Conventional Apparel Waste

  • Each year 80 billion pieces of clothing are produced worldwide. Only about 15% of clothing and shoes in the United States are recycled - so the leftover 85% of usable materials are being sent to the landfill. That ends up to 70 pounds of waste per U.S. citizen.

  • According to the Council for Textile Recycling, charities sell only about 20% of the clothing donated to them at their retail outlets. The rest get sold to textile recyclers that then ship it overseas. So much secondhand clothing is flowing into Africa that it’s hurting local manufacturers and creating dependency. In early 2015, a summit of East African leaders actually proposed a ban on the importation of second-hand clothing.

  • The waste issue has not been helped by the emergence of fast fashion (think H&M, Zara, Mango, Forver 21, Topshop).

    • Americans buy almost twice as much new clothing as they did just twenty years ago, averaging a new piece of clothing every four to five days.

  • The fast fashion brands are trying to help their image. H&M has released a goal for 2020 that all of the cotton used must come from sustainable sources.

    • H&M also released a Conscious collection that has clothing items that are made from 100% organic cotton and recycled fabrics

    • In 2013, H&M released a garment collection initiative to do their part in reducing the amount of waste materials that end up in the landfill

      • Since the launch of the initiative, more than 32,000 tonnes of garments have been donated to be recycled or reused. H&M promises one of three fates for your donated clothes: 1) reused in a different capacity; 2) resold in second-hand stores; or 3) recycled into new textile.

      • According to H&M’s sustainability director, only about 0.1% of all clothing collected by charities and take-back programs is recycled into new textile fiber.

How to shop with your morals in mind

  • Focus on the source of the clothing that you’re buying - including where the materials originally came from and where the clothing was manufactured.

    • Most all retailers have a commitment of some sort now but it’s hard to know exactly whether your specific shirt was made in a factory with decent conditions.
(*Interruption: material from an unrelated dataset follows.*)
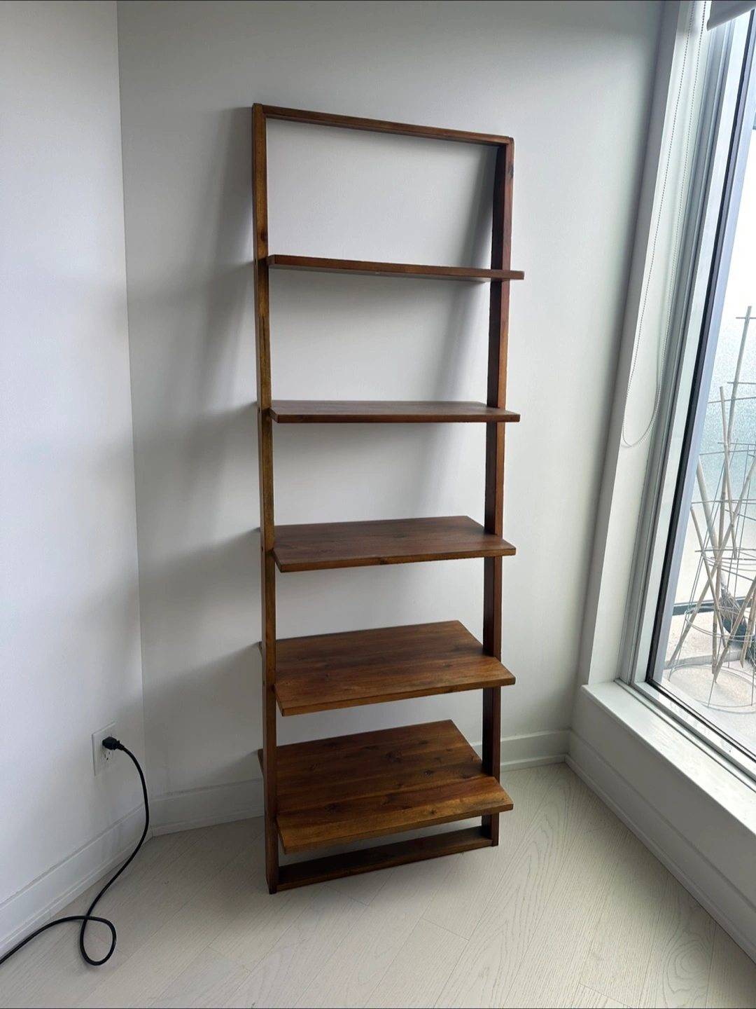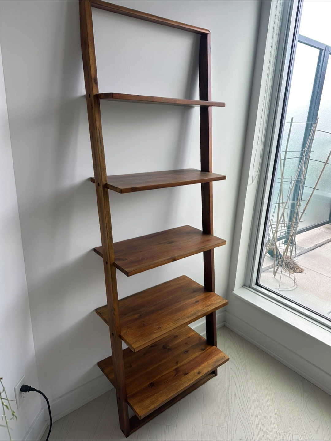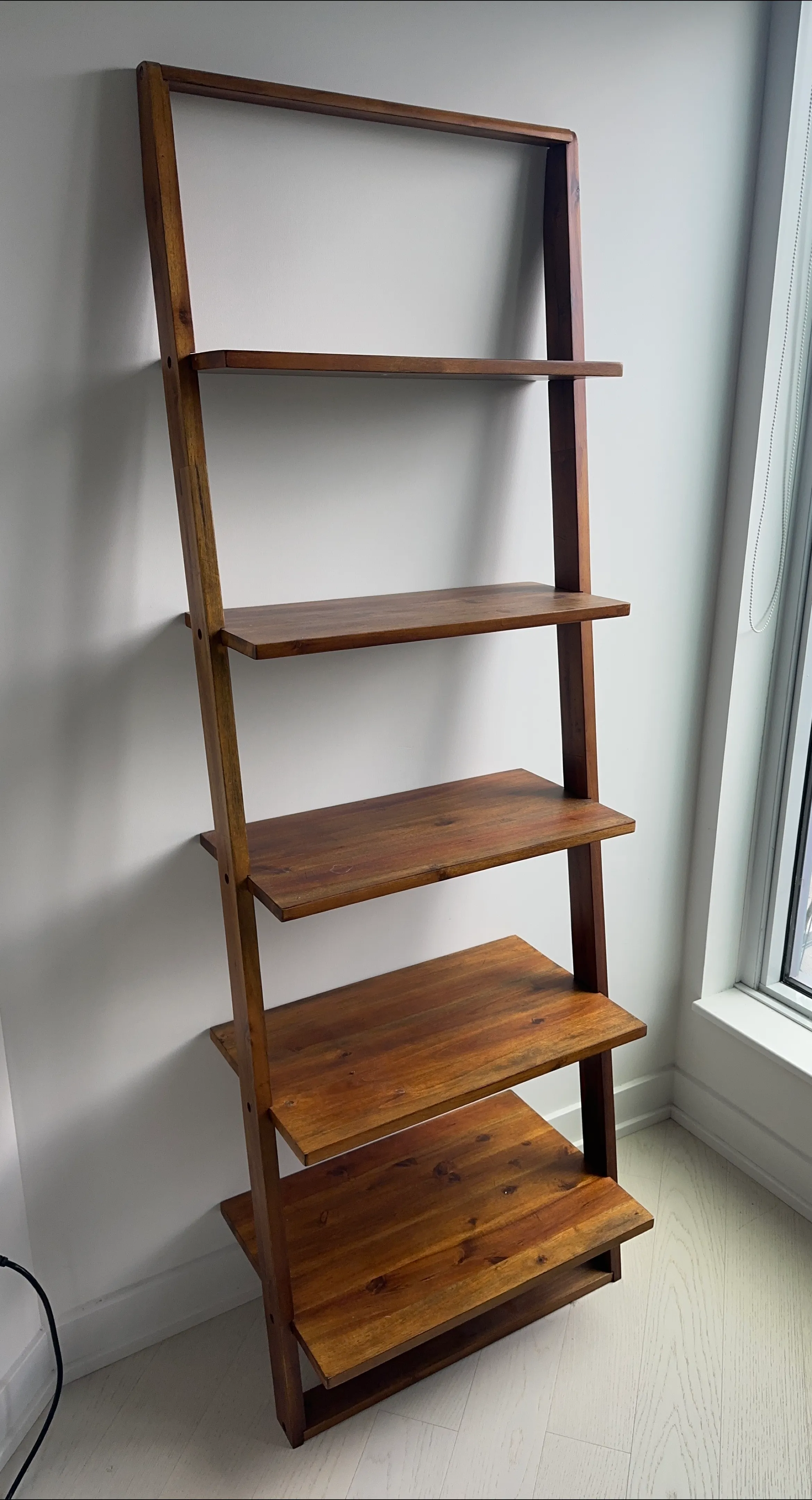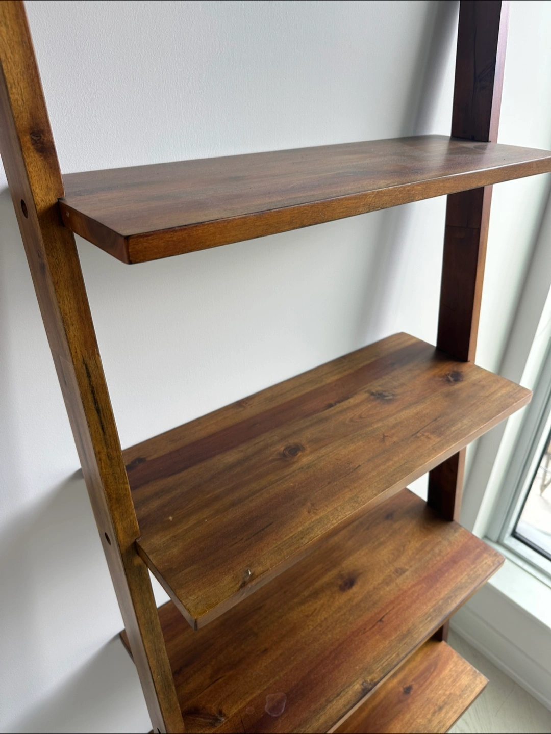 Here's a stylish wooden ladder shelf! It's in great condition and ready to add some rustic charm to your space. Perfect for displaying books, plants, or your favourite decor items

  • Check out companies like Jeff Denby’s other brand PACT which focuses on creating apparel that is not made in sweatshops, is ethically produced, uses non-GMO organic cotton, and non-toxic dyes

  • See if the clothing is made from recycled materials and thus is getting close to the holy grail of closed-loop sourcing.

Who’s trying to change the apparel industry

  • The Renewable Workshop’s tagline is that they “Partner with the world’s best-loved apparel brands to bring their big piles to our factory where they’re refurbished to become Renewed Apparel”
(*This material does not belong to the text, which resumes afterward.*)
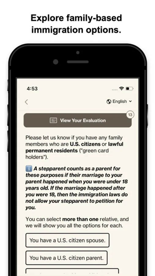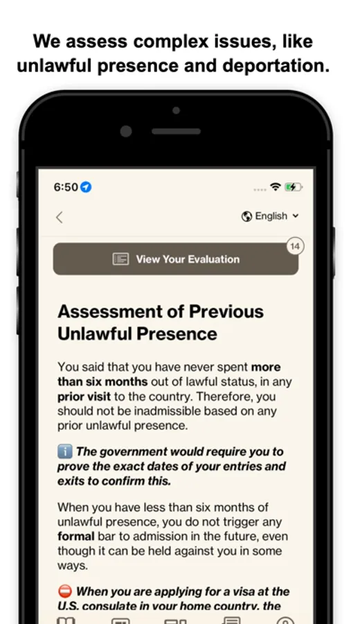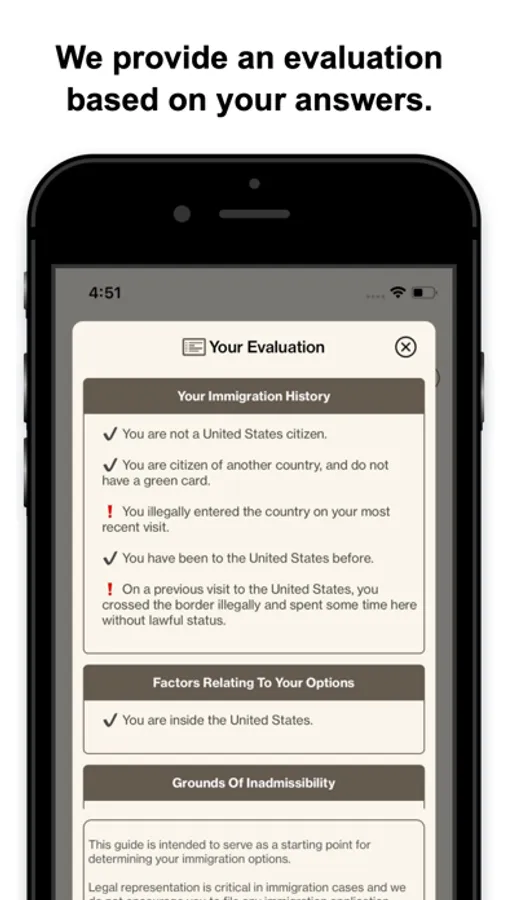 We believe that legal representation is critical in immigration cases, and do not encourage you to file any applications without the assistance of a qualified attorney. Even though we provide personalized information based on your answers, this is not legal advice, and using this app does not make us your attorneys.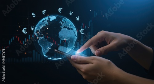 Global financial technology. Hands interact with a holographic globe, overlaid with currency symbols and stock market data, representing international commerce and digital transactions

  • It works like this: Instead of the store putting a damaged shirt into a warehouse to sit forever, The Renewable Workshop will take it, fix it, and make it into a useful product. 

  • Every garment that makes its way into The Renewable Workshop’s factory in Oregon will leave as a newly repaired and functional piece of clothing, with a no landfill guarantee.

  • The Renewable Workshop is focusing on the backend of clothing production - something the consumer never sees or thinks about - what happens to the clothing that is not perfect 

  • It’s like the ugly/imperfect produce initiatives that are working to end food waste - but for clothing

    • Take a defective shirt and make it work again - avoid the landfill and create a product that can be used for what it was originally was created to be

Jeff Denby

  • Received his BASc in Mechanical Engineering from the University of Waterloo

  • Went on to receive his MBA in Social Responsibility from the University of California, Berkeley, Haas School of Business

  • While pursuing his MBA, Jeff worked on brand and sustainability programs for Gap, Jack Daniel’s and eBay. 

  • Before founding The Renewal Workshop, Jeff was the co-founder of PACT - an apparel brand that aims to change the apparel industry for good. 

    • PACT makes organic cotton basics in a transparent supply chain that aims to improve the lives of the farmers who grow the organic cotton and the workers who make the clothing. 

    • Now, PACT is available in more than 500 retail outlets with partners such as Whole Foods, Nordstrom, and Amazon.